Authors are Susanne Rohn, Jan Schroeder, Henriette Riedel, Dietrich Polenz, Katarina Stanko, Anja Reutzel-Selke, Peter Tang, Lydia Brusendorf, Nathanael Raschzok, Peter Neuhaus, Johann Pratschke, Birgit Sawitzki, Igor M. Sauer, and Martina T. Mogl.
Aim of the project was the evaluation of a new concept for in vivo tissue engineering using autologous primary human hepatocytes and hepatic progenitor cells isolated from diseased livers explanted during orthotopic liver transplantation (LTx). Cells will be isolated and infused into the spleen for repopulation of the allogeneic liver graft. The latter is serving as biological matrix for the engraftment of autologous cells. Once these cells have engrafted, it is assumed that autologous cells will repopulate the allogeneic liver, since they should have a selective advantage due to their autologous origin. It is postulated that this will lead to a neo-hybrid liver graft, reducing immunogenicity and inducing immunoregulation thus minimizing the need for extensive immunosuppression and eventually inducing operational tolerance.
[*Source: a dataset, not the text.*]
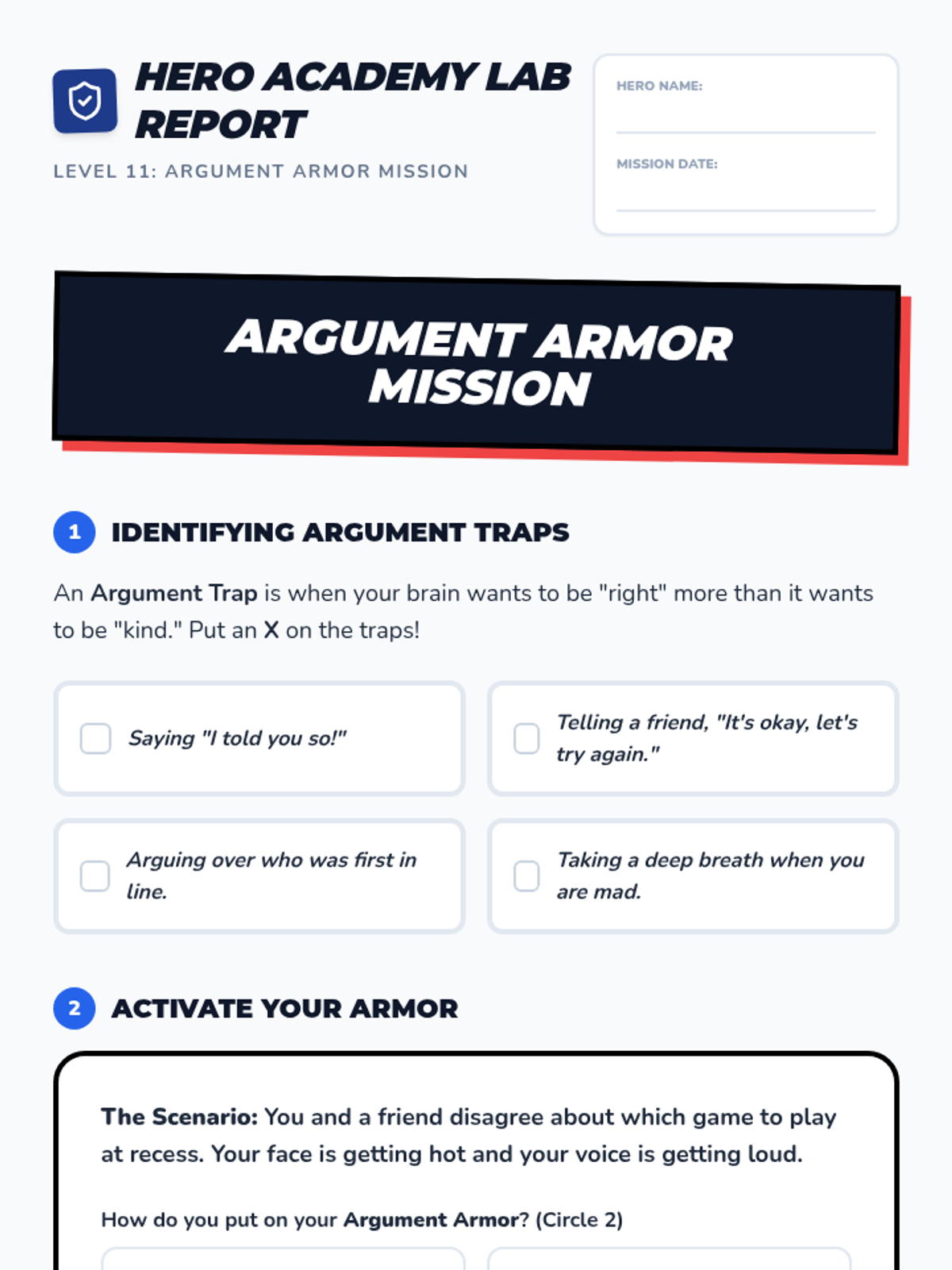 A worksheet for Lesson 11 focusing on conflict resolution. Students identify 'Argument Traps', select de-escalation strategies, and practice using 'Cool Down' phrases to maintain positive social interactions.

We therefore developed a new rat model for combined liver and liver cell transplantation under stable immunosuppression. Immunohistochemistry demonstrated the engraftment of transplanted cells, as confirmed by fluorescence in-situ hybridization, showing repopulation of the liver graft with 15.6 % male cells (± 1.8 SEM) at day 90. The quantitative PCR revealed 14.15 % (mean ± 5.09 SEM) male DNA at day 90. Engraftment of transplanted autologous cells after combined liver and cell transplantation was achieved for up to 90 days under immunosuppression. Immunohistochemistry indicated cell proliferation, and the fluorescence in-situ hybridization results were partly confirmed by quantitative RT-PCR. This new protocol in rats appears feasible to address long-term function and eventually induction of operational tolerance in the future.